O capítulo 3 contextualiza a origem e o papel das ações afirmativas na sociedade contemporânea, as motivações e consequências de sua adoção nas universidades, procurando salientar os aspectos de reparação, justiça distributiva e diversidade. Foi realizada, também, uma retrospectiva da adoção de ações afirmativas nos EUA no intuito de identificar os problemas, questionamentos, aspectos positivos e negativos da implantação de políticas públicas que buscam diminuir a desigualdade priorizando grupos minoritários da sua sociedade há mais de cinquenta anos. Além disso, foi analisada a adoção de ações afirmativas nas universidades brasileiras, os principais programas de governo para inclusão no ensino superior e a principais mudanças percebidas com a adoção de políticas de ações afirmativas nas universidades brasileiras.
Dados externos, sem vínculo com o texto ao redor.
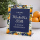 Oranges White Flowers Navy Blue Birthday Welcome Pedestal Sign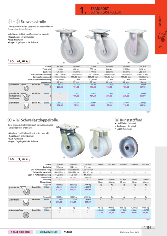 4 + 5 Schwerlastdoppelrolle 6 Kunststoffrad

Neste capítulo foi realizada, também, uma retrospectiva da implantação de políticas de ações afirmativas na UFBA, identificando as motivações, críticas e consequências da adoção dessas políticas na instituição. O sistema de reserva de vagas é descrito de maneira minuciosa no intuito de identificar a maneira como os grupos populacionais priorizados pela política foram categorizados.

O capítulo 4 descreve a metodologia utilizada para descrever a demanda social, a oferta, o acesso, o perfil socioeconômico e cultural e a trajetória dos estudantes nos cursos mais concorridos dos cinco grupos daqueles oferecidos pela Instituição no ano de 2006. Este

capítulo traz considerações sobre a demanda, o acesso e o perfil dos estudantes na educação superior, após a adoção de políticas de ações afirmativas.

O capítulo 5 descreve a trajetória dos estudantes nos cursos mais concorridos da UFBA. A categoria de cotistas é desagregada nos diversos grupos beneficiários desta política no intuito de descrever o desempenho e as tendências de diplomação retenção e evasão dos grupos priorizados pelas políticas de ações afirmativas na UFBA. Neste capítulo é descrito, também, o perfil dos estudantes por forma de saída. A reserva de vagas nas universidades públicas federais altera o cenário de acesso à educação superior de qualidade, modificando o perfil dos estudantes das universidades públicas – espaço pensado para as elites. As constatações deste capítulo poderão contribuir para reflexões futuras sobre as políticas para permanência de estudantes no ensino superior. As considerações finais estão descritas no capítulo 6, onde são elencadas, também, sugestões para trabalhos futuros.